There are more things in a system than you could possibly measure, so you need to make some decisions about how to control the scale of what you collect in telemetry. But you also need to provide tools to allow intelligence creators and orchestrators to adapt as the problem and Intelligent System change over time. These tools include:
  • Sampling what is collected in telemetry, and turning up and down the sampling rate over time.
  • Summarizing interactions in ways that allow the right information to be collected efficiently.
  • Supporting flexible targeting of what contexts and users to sample telemetry from.
You can learn all about telemetry in Chapter 15 .

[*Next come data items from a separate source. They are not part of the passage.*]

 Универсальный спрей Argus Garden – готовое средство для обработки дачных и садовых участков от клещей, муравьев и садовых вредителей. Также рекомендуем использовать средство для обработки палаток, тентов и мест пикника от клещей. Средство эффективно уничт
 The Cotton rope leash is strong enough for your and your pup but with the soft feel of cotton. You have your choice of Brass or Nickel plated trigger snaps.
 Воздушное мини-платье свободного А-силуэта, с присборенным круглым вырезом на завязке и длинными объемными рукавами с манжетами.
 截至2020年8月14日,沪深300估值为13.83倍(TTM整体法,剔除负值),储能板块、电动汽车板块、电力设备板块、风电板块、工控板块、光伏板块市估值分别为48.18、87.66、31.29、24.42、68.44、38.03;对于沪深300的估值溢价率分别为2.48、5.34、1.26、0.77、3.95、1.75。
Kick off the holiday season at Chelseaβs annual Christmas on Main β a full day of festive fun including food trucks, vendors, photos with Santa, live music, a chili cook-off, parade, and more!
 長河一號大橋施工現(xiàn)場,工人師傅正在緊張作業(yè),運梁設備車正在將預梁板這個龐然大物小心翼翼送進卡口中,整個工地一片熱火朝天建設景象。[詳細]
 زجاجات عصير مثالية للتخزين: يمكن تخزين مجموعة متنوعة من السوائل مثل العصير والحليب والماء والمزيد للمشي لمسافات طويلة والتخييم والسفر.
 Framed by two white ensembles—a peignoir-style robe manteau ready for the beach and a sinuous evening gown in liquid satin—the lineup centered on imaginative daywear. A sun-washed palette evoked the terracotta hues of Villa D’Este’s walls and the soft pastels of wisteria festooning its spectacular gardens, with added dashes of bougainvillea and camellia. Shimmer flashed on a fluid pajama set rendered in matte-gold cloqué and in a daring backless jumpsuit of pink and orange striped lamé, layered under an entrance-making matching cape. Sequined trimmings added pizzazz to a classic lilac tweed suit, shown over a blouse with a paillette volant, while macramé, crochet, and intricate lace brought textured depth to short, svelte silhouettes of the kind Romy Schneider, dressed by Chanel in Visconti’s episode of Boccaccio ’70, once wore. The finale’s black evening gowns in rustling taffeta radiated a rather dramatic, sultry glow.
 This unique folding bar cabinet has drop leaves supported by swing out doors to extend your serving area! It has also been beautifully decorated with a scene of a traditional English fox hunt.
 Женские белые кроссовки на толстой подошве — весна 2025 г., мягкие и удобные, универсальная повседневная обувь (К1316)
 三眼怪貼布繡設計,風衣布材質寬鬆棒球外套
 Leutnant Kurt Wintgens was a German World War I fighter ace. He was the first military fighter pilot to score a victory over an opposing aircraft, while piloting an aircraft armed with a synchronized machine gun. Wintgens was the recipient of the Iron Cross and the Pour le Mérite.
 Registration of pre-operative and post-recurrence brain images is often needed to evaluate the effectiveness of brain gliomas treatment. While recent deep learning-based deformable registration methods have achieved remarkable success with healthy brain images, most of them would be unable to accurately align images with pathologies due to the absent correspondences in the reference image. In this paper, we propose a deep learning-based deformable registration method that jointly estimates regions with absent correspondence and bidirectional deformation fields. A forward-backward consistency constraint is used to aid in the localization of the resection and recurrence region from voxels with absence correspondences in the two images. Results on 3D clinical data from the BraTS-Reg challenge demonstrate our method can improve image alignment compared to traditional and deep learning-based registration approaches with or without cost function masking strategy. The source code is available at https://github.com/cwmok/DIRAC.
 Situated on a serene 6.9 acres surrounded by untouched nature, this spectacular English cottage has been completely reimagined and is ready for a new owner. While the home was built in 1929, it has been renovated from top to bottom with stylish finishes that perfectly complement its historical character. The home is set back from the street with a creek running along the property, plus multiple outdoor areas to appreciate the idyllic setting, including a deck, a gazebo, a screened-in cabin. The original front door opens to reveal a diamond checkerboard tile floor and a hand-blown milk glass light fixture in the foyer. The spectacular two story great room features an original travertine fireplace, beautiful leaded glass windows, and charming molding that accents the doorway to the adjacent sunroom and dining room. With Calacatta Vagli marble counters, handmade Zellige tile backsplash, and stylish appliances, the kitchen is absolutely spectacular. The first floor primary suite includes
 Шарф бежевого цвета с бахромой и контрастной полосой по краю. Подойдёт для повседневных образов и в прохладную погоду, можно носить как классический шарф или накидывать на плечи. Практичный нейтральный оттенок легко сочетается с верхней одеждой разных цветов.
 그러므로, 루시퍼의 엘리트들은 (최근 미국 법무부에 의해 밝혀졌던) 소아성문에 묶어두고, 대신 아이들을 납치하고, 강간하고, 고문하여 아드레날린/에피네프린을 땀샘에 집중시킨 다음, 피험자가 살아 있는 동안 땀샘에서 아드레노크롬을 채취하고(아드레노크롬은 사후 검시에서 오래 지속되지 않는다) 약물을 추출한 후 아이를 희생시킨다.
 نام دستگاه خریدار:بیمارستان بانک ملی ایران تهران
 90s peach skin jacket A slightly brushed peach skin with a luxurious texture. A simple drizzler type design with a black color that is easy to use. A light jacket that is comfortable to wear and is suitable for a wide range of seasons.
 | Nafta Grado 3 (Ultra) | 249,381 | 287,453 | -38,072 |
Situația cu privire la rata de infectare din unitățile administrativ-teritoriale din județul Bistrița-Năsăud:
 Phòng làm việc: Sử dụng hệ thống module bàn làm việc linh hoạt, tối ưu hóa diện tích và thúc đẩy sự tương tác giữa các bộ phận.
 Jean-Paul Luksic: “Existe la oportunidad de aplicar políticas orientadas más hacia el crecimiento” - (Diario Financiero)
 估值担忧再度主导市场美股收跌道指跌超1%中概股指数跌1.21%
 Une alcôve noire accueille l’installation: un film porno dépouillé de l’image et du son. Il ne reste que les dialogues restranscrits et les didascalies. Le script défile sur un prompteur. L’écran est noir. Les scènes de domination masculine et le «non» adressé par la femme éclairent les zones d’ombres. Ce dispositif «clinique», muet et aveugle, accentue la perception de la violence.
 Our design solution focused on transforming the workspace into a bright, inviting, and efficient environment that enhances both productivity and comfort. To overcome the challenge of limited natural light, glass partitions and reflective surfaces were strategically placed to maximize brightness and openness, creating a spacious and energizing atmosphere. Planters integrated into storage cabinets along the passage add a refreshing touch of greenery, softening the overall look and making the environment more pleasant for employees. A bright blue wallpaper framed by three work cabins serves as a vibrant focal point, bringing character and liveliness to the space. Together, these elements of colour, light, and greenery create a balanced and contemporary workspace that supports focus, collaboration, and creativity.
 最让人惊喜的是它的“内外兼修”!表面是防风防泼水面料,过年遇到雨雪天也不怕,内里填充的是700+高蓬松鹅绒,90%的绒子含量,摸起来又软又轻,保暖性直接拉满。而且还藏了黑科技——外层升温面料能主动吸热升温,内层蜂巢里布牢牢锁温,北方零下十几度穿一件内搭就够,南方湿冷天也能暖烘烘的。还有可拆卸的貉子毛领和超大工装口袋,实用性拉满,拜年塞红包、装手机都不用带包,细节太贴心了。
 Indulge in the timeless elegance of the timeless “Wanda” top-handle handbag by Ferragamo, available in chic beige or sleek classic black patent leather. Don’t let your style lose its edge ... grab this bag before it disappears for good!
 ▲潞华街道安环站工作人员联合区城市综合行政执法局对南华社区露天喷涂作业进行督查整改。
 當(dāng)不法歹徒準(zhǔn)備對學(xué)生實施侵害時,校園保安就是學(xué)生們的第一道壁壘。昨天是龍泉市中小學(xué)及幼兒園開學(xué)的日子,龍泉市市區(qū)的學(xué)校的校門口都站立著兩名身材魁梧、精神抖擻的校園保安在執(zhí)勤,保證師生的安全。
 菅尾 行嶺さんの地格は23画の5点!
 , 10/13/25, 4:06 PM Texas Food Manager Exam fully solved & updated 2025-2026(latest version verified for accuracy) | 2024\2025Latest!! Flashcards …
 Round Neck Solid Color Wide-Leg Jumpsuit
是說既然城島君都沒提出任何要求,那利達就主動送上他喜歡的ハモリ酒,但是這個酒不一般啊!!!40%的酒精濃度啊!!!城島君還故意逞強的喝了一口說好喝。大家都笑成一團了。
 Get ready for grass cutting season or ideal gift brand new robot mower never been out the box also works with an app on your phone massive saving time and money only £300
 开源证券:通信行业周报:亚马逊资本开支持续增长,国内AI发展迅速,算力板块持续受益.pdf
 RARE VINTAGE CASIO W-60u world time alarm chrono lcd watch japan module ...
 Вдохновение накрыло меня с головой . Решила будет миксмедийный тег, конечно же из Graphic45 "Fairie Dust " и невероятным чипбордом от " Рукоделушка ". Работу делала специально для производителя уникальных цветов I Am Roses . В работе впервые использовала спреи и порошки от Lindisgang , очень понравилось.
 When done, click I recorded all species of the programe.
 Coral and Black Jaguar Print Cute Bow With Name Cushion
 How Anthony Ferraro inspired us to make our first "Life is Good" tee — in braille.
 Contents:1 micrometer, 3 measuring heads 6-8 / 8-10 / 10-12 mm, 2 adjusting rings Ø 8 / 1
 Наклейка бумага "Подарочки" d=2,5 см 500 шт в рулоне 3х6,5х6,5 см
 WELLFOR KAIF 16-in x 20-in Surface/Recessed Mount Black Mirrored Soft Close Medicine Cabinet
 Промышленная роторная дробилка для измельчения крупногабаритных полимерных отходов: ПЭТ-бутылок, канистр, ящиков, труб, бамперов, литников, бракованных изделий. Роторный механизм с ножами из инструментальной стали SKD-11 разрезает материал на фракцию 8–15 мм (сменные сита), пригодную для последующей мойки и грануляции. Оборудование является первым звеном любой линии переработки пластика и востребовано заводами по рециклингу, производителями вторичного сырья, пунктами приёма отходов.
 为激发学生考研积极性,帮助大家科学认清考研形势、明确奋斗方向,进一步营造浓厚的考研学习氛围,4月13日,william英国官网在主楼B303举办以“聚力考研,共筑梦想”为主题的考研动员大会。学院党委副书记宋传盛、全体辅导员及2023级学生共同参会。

Get Ready to Create Intelligence

Intelligence is the part of the Intelligent System that makes the hard decisions, mapping from contexts to predictions, powering the intelligent experience, creating value for users and for your organization.
10. Prepare to evaluate intelligence.
With intelligence, evaluation is creation. You should be able to easily measure any intelligence to know:
  • How well it generalizes.
  • The types of mistakes it makes.
  • Its mistake distribution.
To do this you will need evaluation data, hopefully from telemetry. This should be sufficient data to get statistically meaningful evaluations. It should also be independent from training data (which is sometimes tricky) and it should allow you to understand how your intelligence performs on important sub-populations.
Chapter 19 (the longest chapter in the book) discusses evaluating intelligence—it’s that important.
11. Decide how you will organize your intelligence.
Organizing intelligence creation is important when working with large Intelligent Systems where you need to:
  • Have multiple people collaboratively creating intelligence.
  • Clean up mistakes that intelligence is making.
  • Solve the easy part the easy way and focus more complex techniques on the hard parts of the problem.
  • Incorporate legacy intelligence or intelligence acquired from external sources.
Here are some common ways to organize intelligence creation:
  • Decouple feature engineering.
  • Perform multiple model searches.
  • Chase mistakes (which is probably the worst).
  • Use meta-models.
  • Perform model sequencing.
  • Partition contexts.
  • Use overrides.
Chapter 21 discusses all of these ways to organize intelligence creation .
12. Set up your intelligence creation process.
Set it up to use all the tools and data available to create and improve intelligence. This involves:
  • Choosing the representation for your intelligence (as described in Chapter 17).
  • Creating simple heuristics as a baseline.
  • Using machine learning to produce more sophisticated intelligence when needed (as described in Chapter 20).
  • Helping understand the tradeoffs of various implementation options.
  • And assessing and iterating, on and on, as long as the intelligence needs to improve.
Chapter 18 gives an example of the intelligence-creation process.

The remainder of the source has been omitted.